Private college in Amherst, New York, US

Daemen University is a private university in Amherst, New York, United States. Formerly Daemen College and Rosary Hill College, the nonsectarian school was founded as a Catholic institution by the Sisters of St. Francis in 1947.

As of fall 2020, 2,536 students were enrolled at Daemen (1,631 undergraduate, 905 graduate), and 64 degree majors were offered.

In March 2022, the New York State Board of Regents approved a name change to Daemen University.

== Main campus ==
Located in Western New York, Daemen's main 46.5 acre campus is in a suburban setting in Amherst, New York in the Buffalo Niagara Region. Daemen is on Main Street in Amherst and close to the New York State Thruway and I-290 and the Buffalo Niagara International Airport. The Amherst campus contains 19 buildings or complexes with classrooms, laboratories, residential and athletics facilities.

==History==
In 1947, Rosary Hill College was established by the Sisters of St. Francis of Penance and Christian Charity as a Catholic institution of higher education for women offering studies in the liberal arts. The institution has admitted men since the mid-1960s and graduated its first male student in 1965. In 1976, Rosary Hill became a secular and independent institution and was renamed Daemen College, in honor of the founder of the Sisters of St. Francis – Mother Magdalene Daemen, of Holland.

In 2015, Daemen opened the Academic Wellness Center after a $5.6 million renovation of the former YMCA building on Main Street in Amherst.

In 2017, to mark its 70th anniversary, Daemen installed Founders Bell, which was forged in 1858 and restored by the Class of 1967. Each year, the bell is the centerpiece of Founders Celebration, an annual tradition to recognize the institution's history.

In 2020, Daemen opened the Center for Interprofessional Learning and Simulation (CILS), which has eight examination rooms, a counseling room and a space for telehealth counseling and is used by students in the university's nursing, social work, physical therapy, physician assistant studies and other programs.

== Presidents ==
Daemen has had six presidents since its founding in 1947:

1. M. Alphonse Kampshoff (1947 – 1953)
2. M. Angela Canavan (1953 – 1973)
3. Robert S. Marshall (1973 – 1996)
4. Martin J. Anisman (1996 – 2011)
5. Edwin G. Clausen (2011 – 2013)
6. Gary A. Olson (2013 – present)

The president works with an administrative council called the president's cabinet. Daemen also has a faculty senate, a student government association, and an alumni board.
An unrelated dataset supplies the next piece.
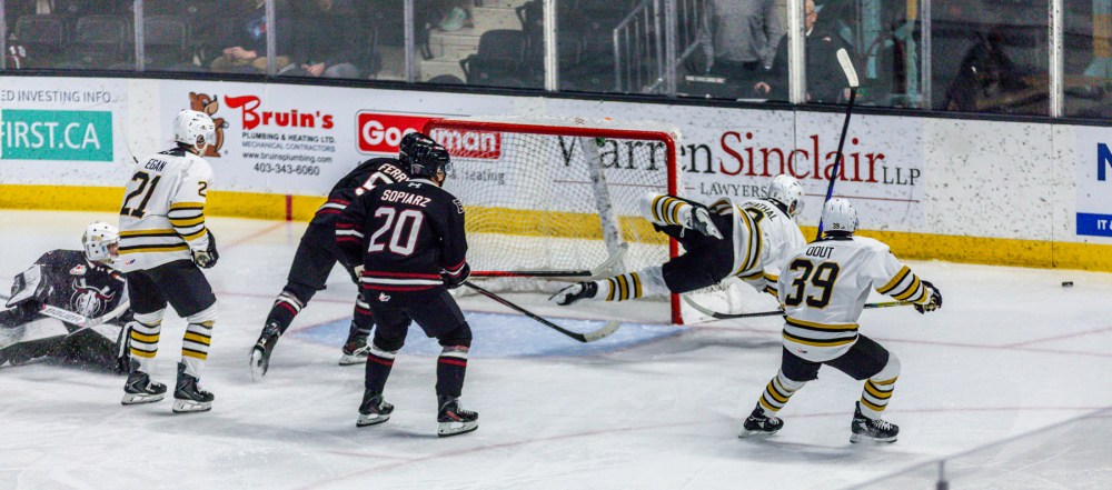 Three minutes later, defenceman Dylan Ronald ripped a heavy shot from the slot that prompted the goal judge to flip on the goal light but the puck actually hit the bar and the referee rightfully waved it off.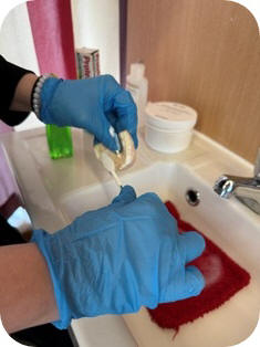 hygienische Arbeiten im Pflegealltag praktisch eingeübt. |

The current president is Gary A. Olson. For many years during his tenure as president, he has been named one of Western New York's most influential leaders by Buffalo Business First, the region's weekly business newspaper.

==Academics==
Daemen offers 65 academic majors and programs in a variety of disciplines and subject areas, including physical therapy, nursing, visual and performing arts, the liberal arts, business, and education. Since 2018, Daemen has been classified among "Doctoral/Professional Universities".

===Rankings===
Since 2007, Daemen has been named a national College of Distinction.
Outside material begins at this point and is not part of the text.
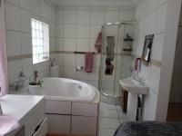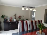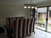 Step outside to a private oasis perfect for relaxation and entertaining. The property features a sparkling swimming pool with brick coping. A charming thatched lapa provides shaded outdoor shelter for al fresco dining or social gatherings. The dedicated entertainment area, complete with a pool table and built-in bar, promises endless fun. A well-maintained garden and patio, accessible via modern sliding glass doors, seamlessly blend indoor and outdoor living.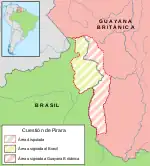 La sentence arbitrale de Paris de 1899 a attribué à la Guyane britannique les rivières Cotinga et Tacutú (affluents du fleuve Blanco - "Rio Branco" en portugais - et cet affluent du fleuve Amazone) et son bassin hydrographique à l'Est, qui affectaient directement le territoire brésilien.

Daemen's paralegal studies program is currently the only American Bar Association (ABA)-approved program in Western New York.
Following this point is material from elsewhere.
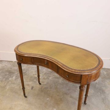 with tooled green leather writing surface heighted with gilt, above three frieze drawer, in turned tapering supports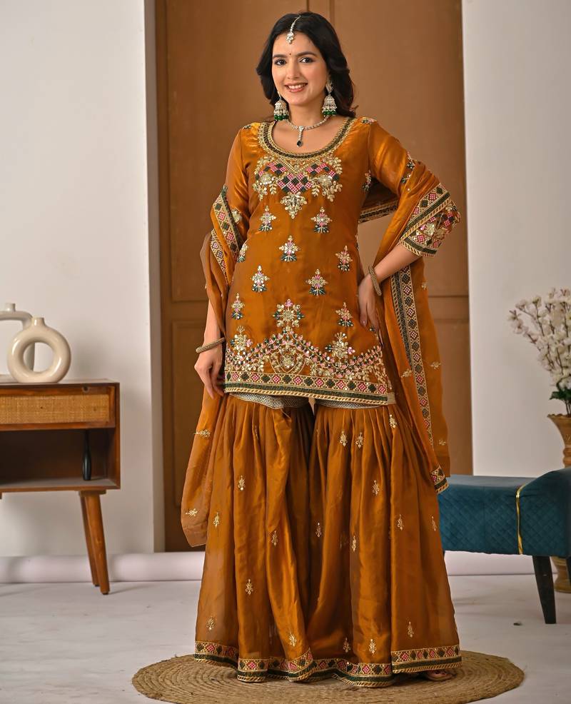 Mustard designer heavy fandy silk sequins embroidered work readymade suit

In 2017, Daemen became the only state-approved applied behavior analysis graduate program in New York.

=== Accreditation ===
Daemen is accredited by the Middle States Commission on Higher Education.

Daemen has specific academic programs accredited by:

- International Accreditation Council for Business Education (IACBE)
- Commission on Accreditation of Athletic Training Education (CAATE)
- Accreditation Commission for Education in Nursing (ACEN)
- Commission on Accreditation in Physical Therapy Education (CAPTE)
- Accreditation Review Commission on Education for the Physician Assistant (ARC-PA)
- Commission on Accreditation, Council on Social Work Education (CSWE)

== Colleges ==
Academic programs at the university are administered in three colleges:

- The College of Arts, Science and Education houses programs and departments of education, the humanities, social sciences, visual and performing arts, and natural sciences and mathematics.
- The College of Health, Human Sciences and Business houses the programs and departments of accounting, business, paralegal studies, behavioral science, health promotion, leadership & innovation, public health, social work and sociology.
- The College of Health Professions houses the departments of athletic training, nursing, physician assistant studies, and physical therapy.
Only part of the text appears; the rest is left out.